Aed jokes
My doctor prescribed a new drug to treat my depression.
It’s called Enditol.
I love eating pussy. That’s why the animal shelter is always my go-to for a good meal.
I just went on a date with a woman in a wheelchair.
I stood her up, which made her fall for me. At first it was a drag, but now we’re rolling.
What's the difference between my car and a school bus? A school bus takes them back home.
There was a girl I used to date, only to find out that she used to be a man. You could say, she put me in a trans.
When my son was little, he loved to draw. Although he would always rip up the paper whenever there was one little slip up. Too bad he became a tattoo artist.....

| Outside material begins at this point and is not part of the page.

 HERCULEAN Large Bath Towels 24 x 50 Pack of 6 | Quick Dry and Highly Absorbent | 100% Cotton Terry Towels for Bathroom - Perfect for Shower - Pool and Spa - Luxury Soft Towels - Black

Are you an archaeologist? Because I’ve got a bone for you to examine.
I guess making 9/11 jokes at the airport is better than shouting "He's got a gun!" at the airport.

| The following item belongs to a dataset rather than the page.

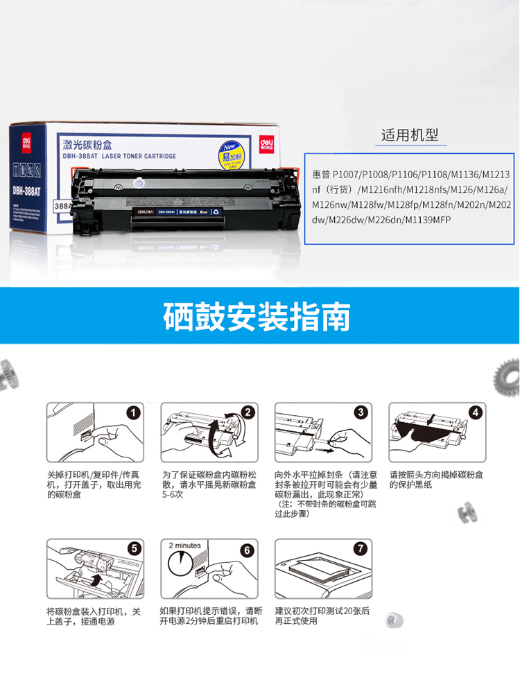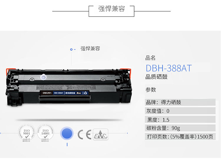 商品名称:得力(deli)DBH-388AT黑色硒鼓/碳粉盒(适用惠普P1007 P1106 M1136 M1213nf M1216nfh)
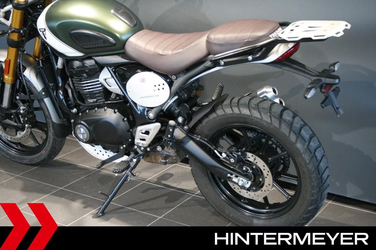 Motorrad Hintermeyer Schongau bietet hier eine TRIUMPH SCRAMBLER 400 X mit einer neuen JAHRESINSPEKTION und 40-Punkte-Durchsicht. Alle unsere Fahrzeuge werden mit mindestens einem Jahr TÜV übergeben.

Why is it a bad idea to eat a clock? Because it's so time-consuming.
What's the difference between a good joke and a bad joke? Timing.
Are you a raisin? Because you’re raisin' my dick.

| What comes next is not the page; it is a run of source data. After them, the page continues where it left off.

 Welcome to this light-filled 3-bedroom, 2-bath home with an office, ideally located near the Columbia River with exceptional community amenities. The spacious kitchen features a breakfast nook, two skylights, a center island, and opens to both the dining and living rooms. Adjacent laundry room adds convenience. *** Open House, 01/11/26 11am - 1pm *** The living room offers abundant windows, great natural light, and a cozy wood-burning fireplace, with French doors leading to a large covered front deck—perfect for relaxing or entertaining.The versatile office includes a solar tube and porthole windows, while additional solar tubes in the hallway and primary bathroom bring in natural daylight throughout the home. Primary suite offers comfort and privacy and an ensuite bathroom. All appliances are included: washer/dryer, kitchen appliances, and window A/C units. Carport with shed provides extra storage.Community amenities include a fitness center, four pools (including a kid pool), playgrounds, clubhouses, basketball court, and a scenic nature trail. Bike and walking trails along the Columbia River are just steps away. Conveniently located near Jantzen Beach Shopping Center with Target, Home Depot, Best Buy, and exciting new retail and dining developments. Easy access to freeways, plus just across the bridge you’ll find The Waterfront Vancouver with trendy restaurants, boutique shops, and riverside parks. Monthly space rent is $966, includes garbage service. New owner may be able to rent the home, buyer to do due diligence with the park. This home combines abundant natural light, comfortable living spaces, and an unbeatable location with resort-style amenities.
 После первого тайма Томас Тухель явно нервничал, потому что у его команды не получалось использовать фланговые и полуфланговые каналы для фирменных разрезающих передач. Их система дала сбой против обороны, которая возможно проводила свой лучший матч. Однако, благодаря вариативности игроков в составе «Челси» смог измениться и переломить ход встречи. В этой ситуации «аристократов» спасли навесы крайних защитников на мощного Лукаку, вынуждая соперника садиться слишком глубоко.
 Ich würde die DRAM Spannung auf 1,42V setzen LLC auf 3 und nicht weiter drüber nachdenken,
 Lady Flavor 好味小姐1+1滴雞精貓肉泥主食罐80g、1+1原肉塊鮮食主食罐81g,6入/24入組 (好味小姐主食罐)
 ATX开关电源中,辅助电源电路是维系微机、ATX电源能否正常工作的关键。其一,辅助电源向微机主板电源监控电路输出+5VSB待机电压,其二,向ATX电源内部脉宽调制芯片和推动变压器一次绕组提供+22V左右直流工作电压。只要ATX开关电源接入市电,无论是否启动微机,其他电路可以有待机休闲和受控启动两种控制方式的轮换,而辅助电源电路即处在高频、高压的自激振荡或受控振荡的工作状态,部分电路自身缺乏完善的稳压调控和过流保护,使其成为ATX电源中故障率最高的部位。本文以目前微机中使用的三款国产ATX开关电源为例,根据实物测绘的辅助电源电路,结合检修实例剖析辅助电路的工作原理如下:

Do you have a shovel? Because I'm digging that ass.
My mom asks, "How did you do this?" Me: "Naw, I did it with a fork. WHAT D'YA THINK?-"
An orphan was running down the road. A car pulled up and said, "Get in." So the orphan got in and said, "Where are we going?" The kidnapper said, "I'm taking you to my house." The orphan replied, "OML, ARE YOU ADOPTING ME!?"
My wife cheated on me with my brother.
She didn't have a sister, so I improvised, and now all I have to do is wait nine months for one to come.
Q: Why was the depressed kid sad on Christmas?
A: They weren't hanging like the ornaments on a tree.
Guys, this is so wrong. I'm an orphan and this extremely offends me. I'm telling my parents, um.......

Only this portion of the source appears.